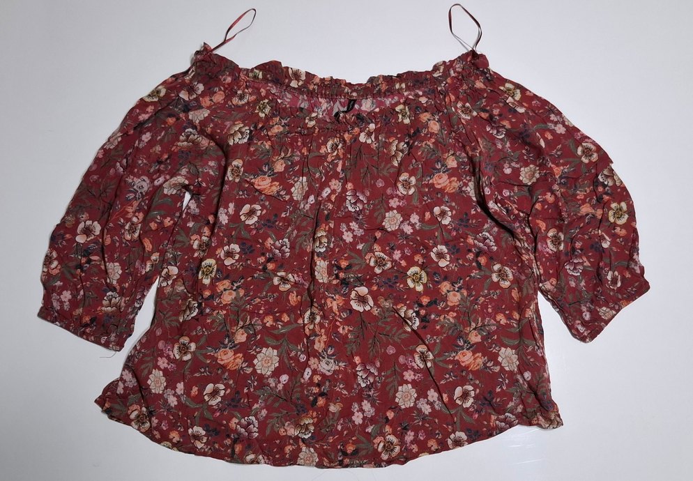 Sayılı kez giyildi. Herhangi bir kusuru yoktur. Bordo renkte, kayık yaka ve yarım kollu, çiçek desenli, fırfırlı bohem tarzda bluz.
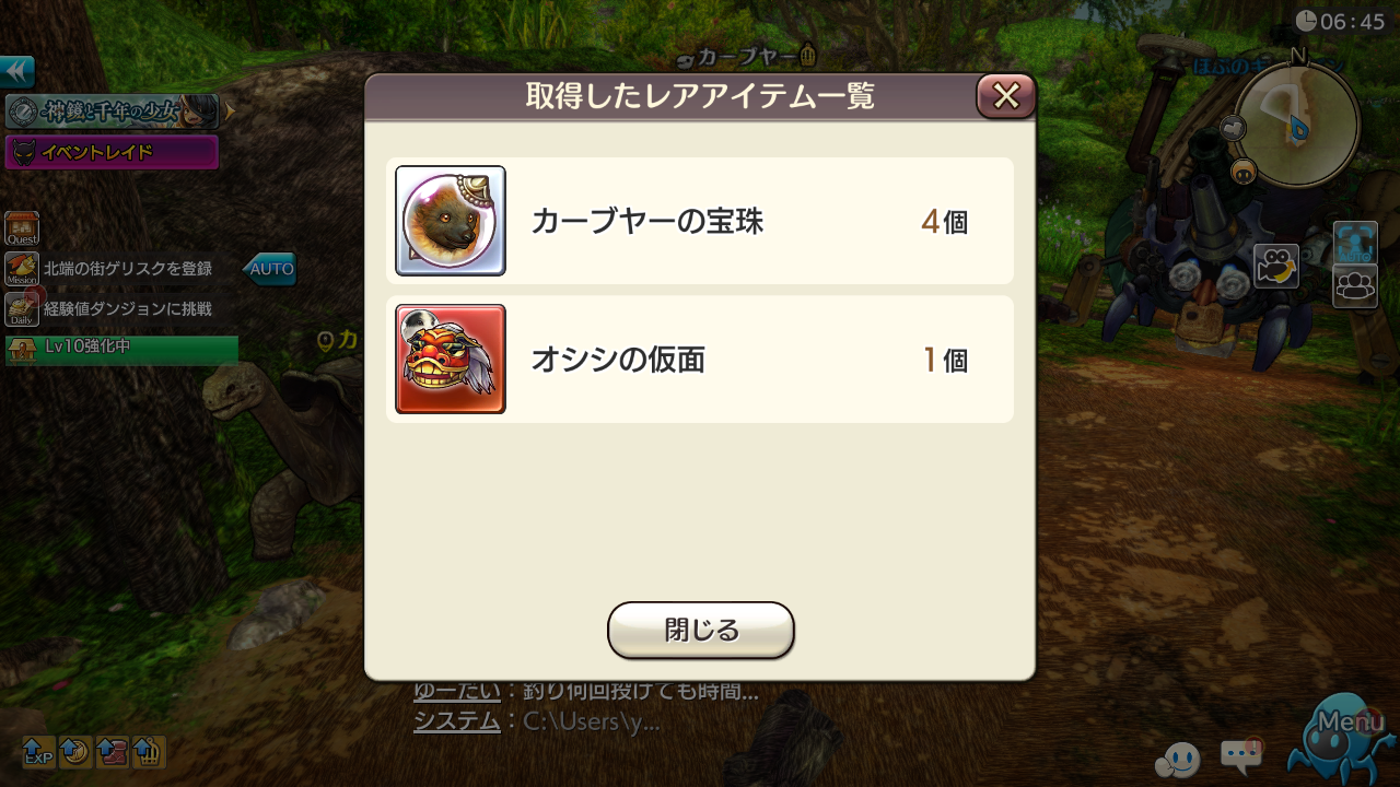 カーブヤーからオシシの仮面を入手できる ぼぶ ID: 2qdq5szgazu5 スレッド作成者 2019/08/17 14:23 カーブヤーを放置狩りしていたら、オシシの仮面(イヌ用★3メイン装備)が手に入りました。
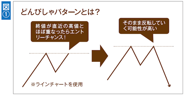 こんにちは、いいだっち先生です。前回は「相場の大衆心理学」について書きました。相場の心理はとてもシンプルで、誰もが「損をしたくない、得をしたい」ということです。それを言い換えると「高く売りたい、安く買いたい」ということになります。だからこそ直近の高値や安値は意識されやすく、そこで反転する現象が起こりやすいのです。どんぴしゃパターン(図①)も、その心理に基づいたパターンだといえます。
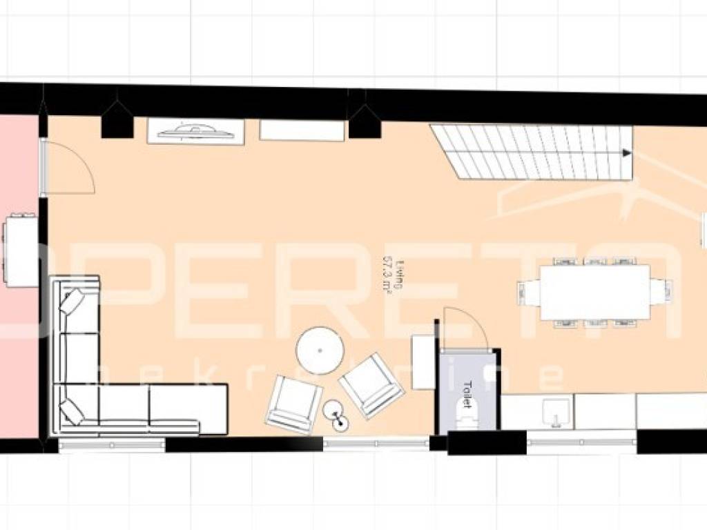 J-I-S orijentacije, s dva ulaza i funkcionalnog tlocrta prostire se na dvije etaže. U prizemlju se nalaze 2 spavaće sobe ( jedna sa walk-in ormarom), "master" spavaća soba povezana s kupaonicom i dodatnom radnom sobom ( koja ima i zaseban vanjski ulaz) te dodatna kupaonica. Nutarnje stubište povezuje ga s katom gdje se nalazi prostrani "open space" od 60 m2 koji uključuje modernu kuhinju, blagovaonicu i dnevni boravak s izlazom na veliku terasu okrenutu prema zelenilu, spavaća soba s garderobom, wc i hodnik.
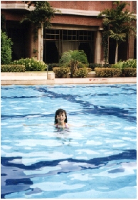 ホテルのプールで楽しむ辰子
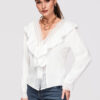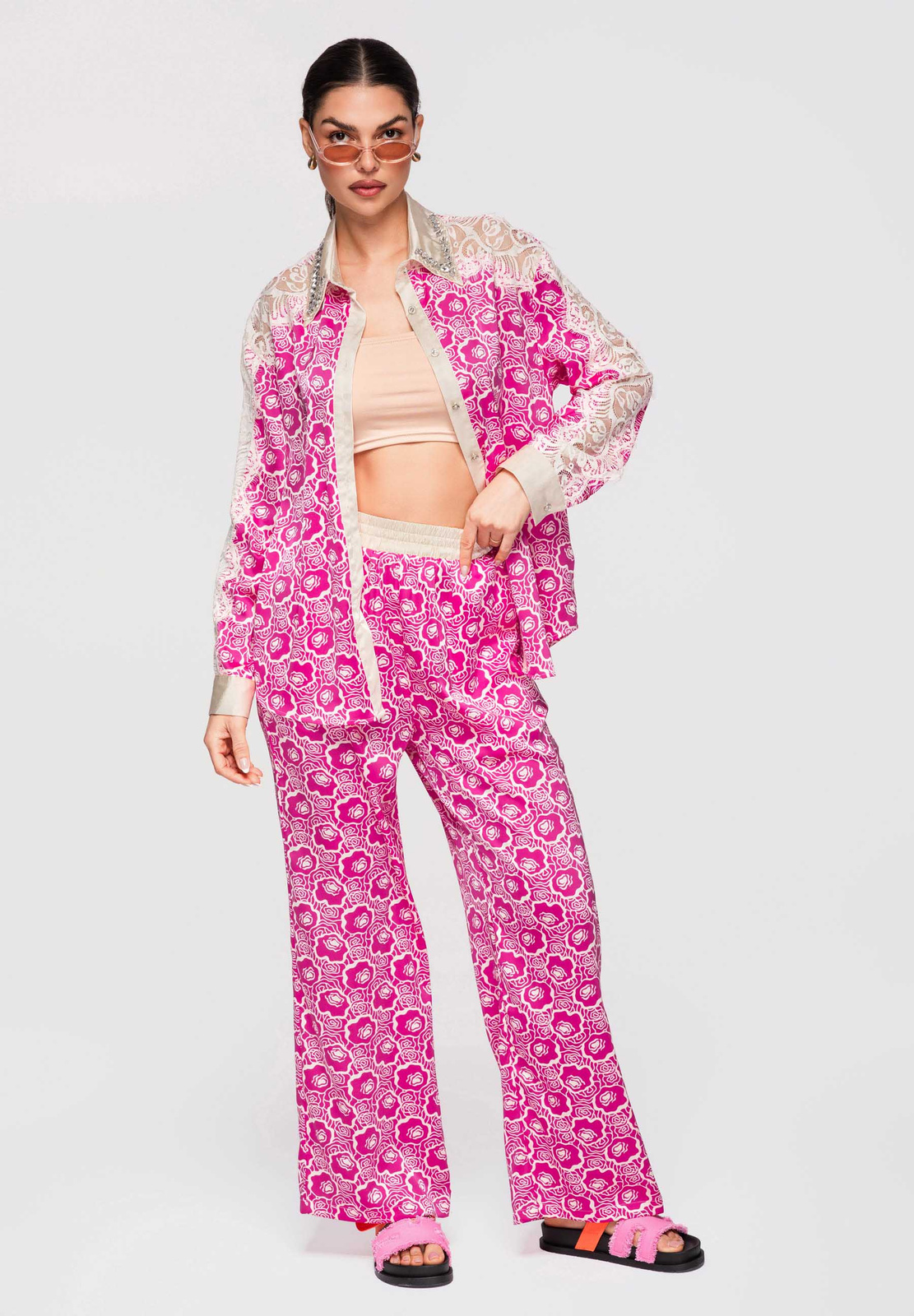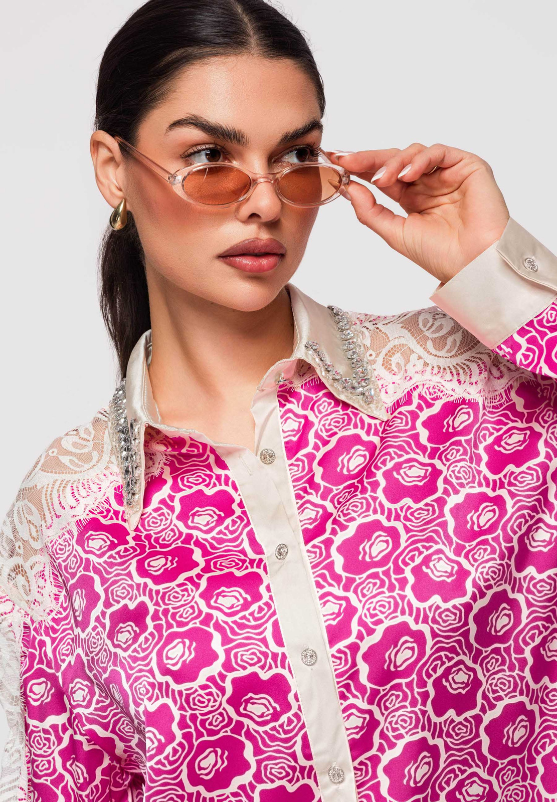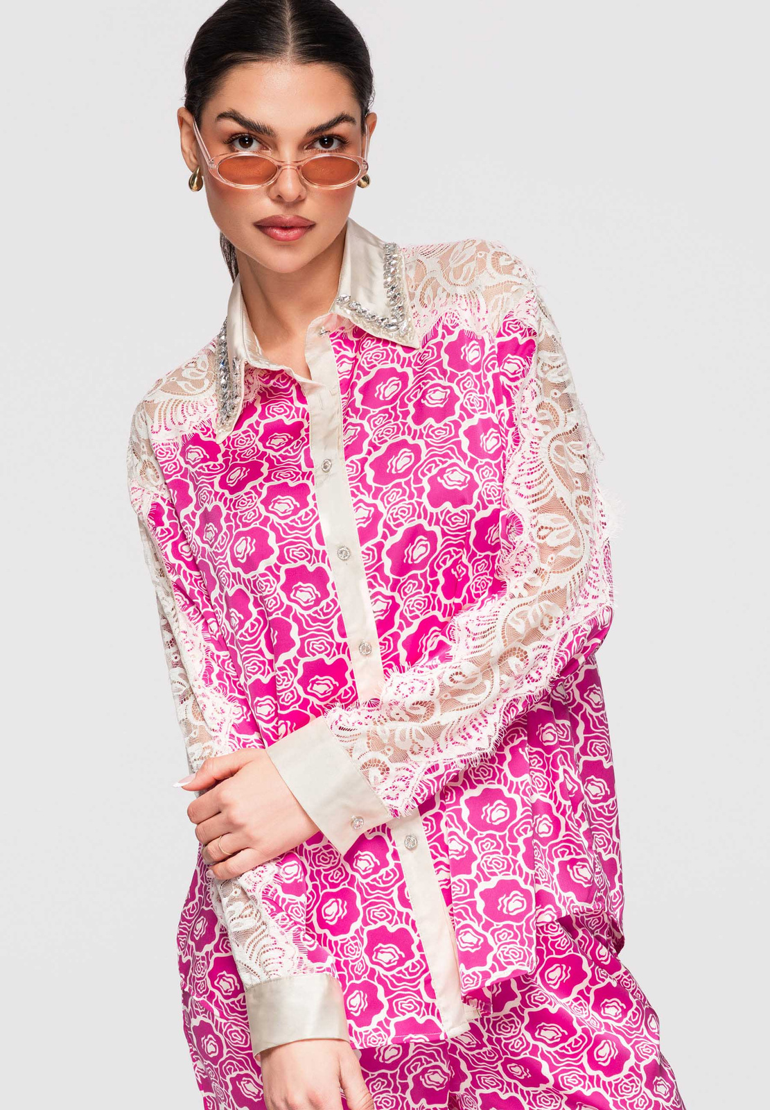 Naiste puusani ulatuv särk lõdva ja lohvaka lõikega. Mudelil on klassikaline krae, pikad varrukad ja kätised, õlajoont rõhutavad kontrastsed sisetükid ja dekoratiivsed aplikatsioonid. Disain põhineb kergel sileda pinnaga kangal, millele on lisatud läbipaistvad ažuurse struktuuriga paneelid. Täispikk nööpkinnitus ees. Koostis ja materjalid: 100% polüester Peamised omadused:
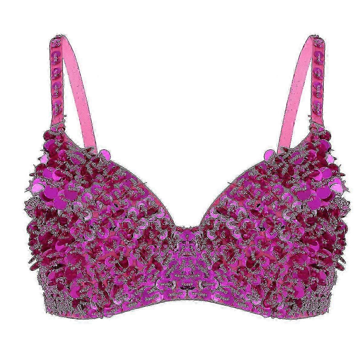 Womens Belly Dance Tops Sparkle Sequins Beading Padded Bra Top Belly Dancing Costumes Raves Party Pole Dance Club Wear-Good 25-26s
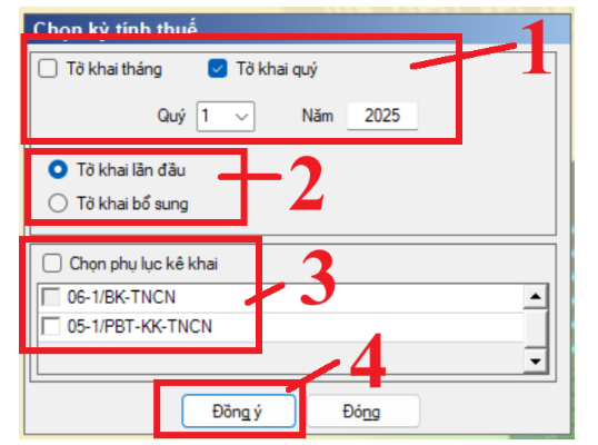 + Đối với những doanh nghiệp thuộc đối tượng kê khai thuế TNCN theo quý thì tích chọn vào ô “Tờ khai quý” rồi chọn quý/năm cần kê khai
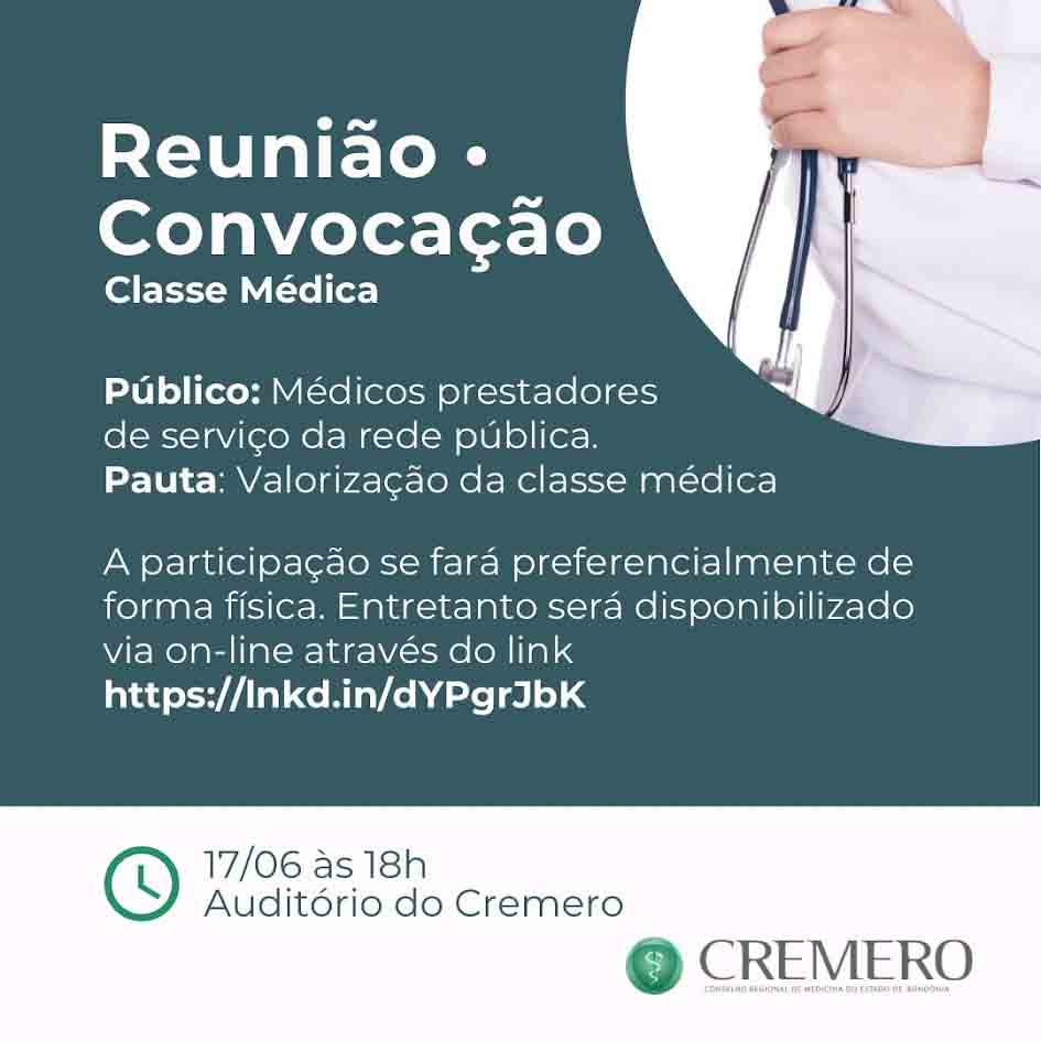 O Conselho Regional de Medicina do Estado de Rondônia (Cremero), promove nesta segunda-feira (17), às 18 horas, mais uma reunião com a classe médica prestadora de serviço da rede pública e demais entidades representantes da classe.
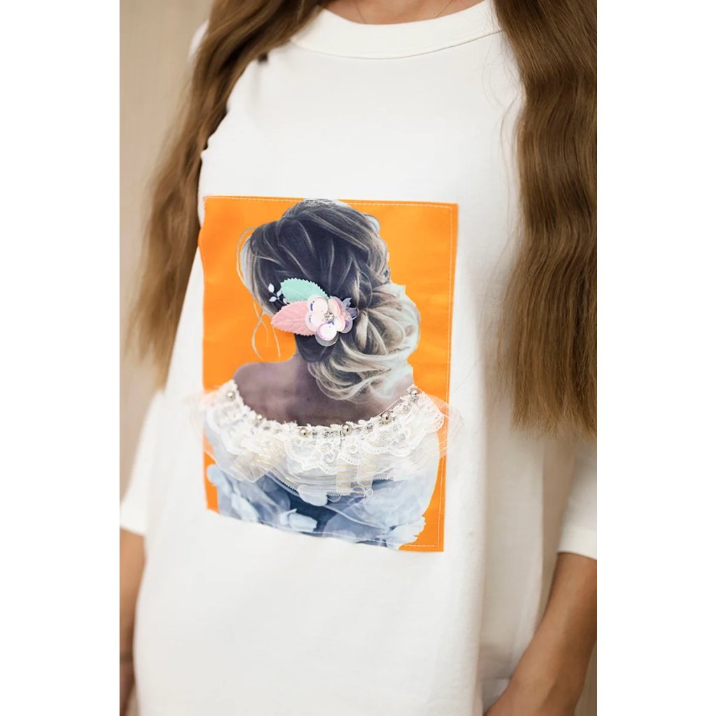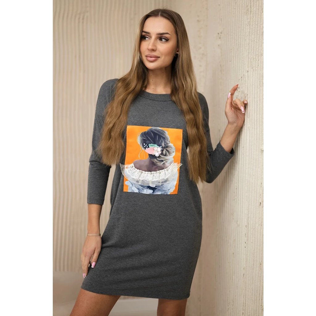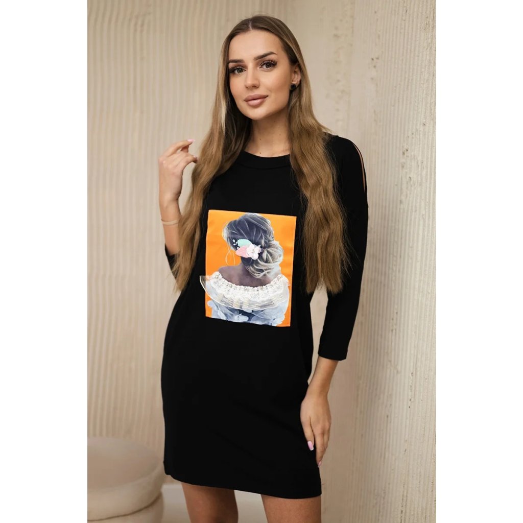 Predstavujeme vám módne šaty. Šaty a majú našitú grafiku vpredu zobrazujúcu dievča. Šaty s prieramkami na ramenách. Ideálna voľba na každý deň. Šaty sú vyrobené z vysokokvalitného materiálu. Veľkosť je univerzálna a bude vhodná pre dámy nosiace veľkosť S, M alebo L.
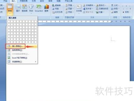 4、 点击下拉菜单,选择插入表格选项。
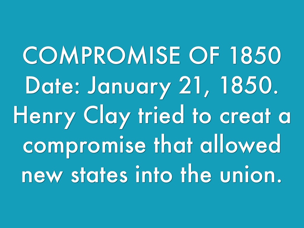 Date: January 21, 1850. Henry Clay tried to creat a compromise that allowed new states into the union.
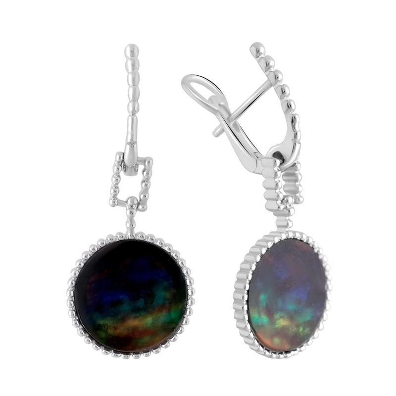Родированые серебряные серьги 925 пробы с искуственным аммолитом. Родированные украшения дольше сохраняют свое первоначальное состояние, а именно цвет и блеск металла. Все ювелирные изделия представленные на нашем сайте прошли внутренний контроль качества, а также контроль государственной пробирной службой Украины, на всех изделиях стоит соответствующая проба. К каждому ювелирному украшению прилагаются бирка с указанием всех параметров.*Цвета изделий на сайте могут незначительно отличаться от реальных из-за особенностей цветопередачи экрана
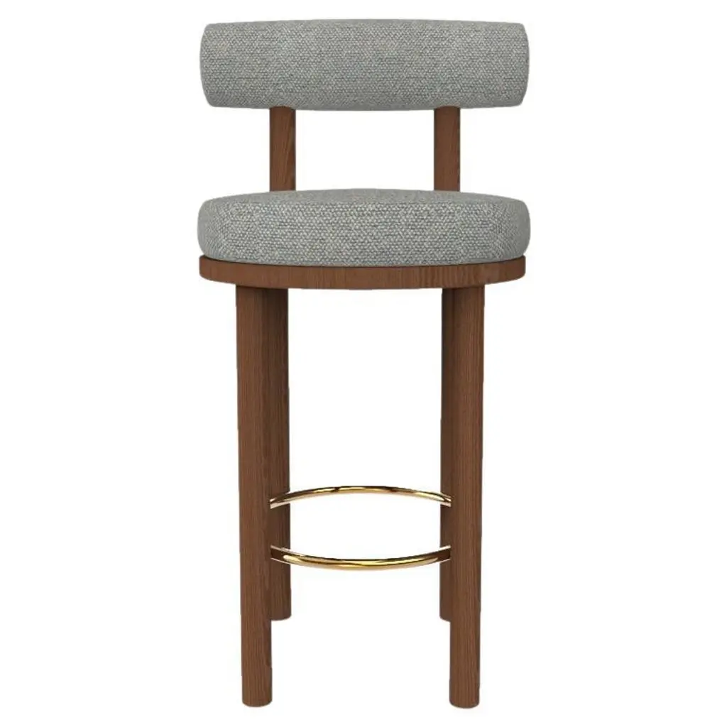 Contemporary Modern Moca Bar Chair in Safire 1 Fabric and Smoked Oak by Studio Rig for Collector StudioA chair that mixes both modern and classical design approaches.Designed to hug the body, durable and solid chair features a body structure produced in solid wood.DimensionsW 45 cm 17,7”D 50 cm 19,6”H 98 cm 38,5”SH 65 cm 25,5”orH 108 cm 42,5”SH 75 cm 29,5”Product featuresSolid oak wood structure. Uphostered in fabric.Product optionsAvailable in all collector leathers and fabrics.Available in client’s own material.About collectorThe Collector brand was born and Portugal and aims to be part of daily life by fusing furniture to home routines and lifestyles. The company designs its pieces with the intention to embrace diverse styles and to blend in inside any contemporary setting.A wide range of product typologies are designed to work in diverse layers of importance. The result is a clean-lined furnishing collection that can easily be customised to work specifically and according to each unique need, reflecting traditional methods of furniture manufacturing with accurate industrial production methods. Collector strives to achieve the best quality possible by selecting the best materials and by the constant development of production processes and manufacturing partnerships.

########################################

Activity: Leave out the pictures and repeat exactly the lines from the first line of the data through the line containing "Naiste puusani ulatuv". Add nothing else.

Response to this task:
 Sayılı kez giyildi. Herhangi bir kusuru yoktur. Bordo renkte, kayık yaka ve yarım kollu, çiçek desenli, fırfırlı bohem tarzda bluz.
 カーブヤーからオシシの仮面を入手できる ぼぶ ID: 2qdq5szgazu5 スレッド作成者 2019/08/17 14:23 カーブヤーを放置狩りしていたら、オシシの仮面(イヌ用★3メイン装備)が手に入りました。
 こんにちは、いいだっち先生です。前回は「相場の大衆心理学」について書きました。相場の心理はとてもシンプルで、誰もが「損をしたくない、得をしたい」ということです。それを言い換えると「高く売りたい、安く買いたい」ということになります。だからこそ直近の高値や安値は意識されやすく、そこで反転する現象が起こりやすいのです。どんぴしゃパターン(図①)も、その心理に基づいたパターンだといえます。
 J-I-S orijentacije, s dva ulaza i funkcionalnog tlocrta prostire se na dvije etaže. U prizemlju se nalaze 2 spavaće sobe ( jedna sa walk-in ormarom), "master" spavaća soba povezana s kupaonicom i dodatnom radnom sobom ( koja ima i zaseban vanjski ulaz) te dodatna kupaonica. Nutarnje stubište povezuje ga s katom gdje se nalazi prostrani "open space" od 60 m2 koji uključuje modernu kuhinju, blagovaonicu i dnevni boravak s izlazom na veliku terasu okrenutu prema zelenilu, spavaća soba s garderobom, wc i hodnik.
 ホテルのプールで楽しむ辰子
 Naiste puusani ulatuv särk lõdva ja lohvaka lõikega. Mudelil on klassikaline krae, pikad varrukad ja kätised, õlajoont rõhutavad kontrastsed sisetükid ja dekoratiivsed aplikatsioonid. Disain põhineb kergel sileda pinnaga kangal, millele on lisatud läbipaistvad ažuurse struktuuriga paneelid. Täispikk nööpkinnitus ees. Koostis ja materjalid: 100% polüester Peamised omadused:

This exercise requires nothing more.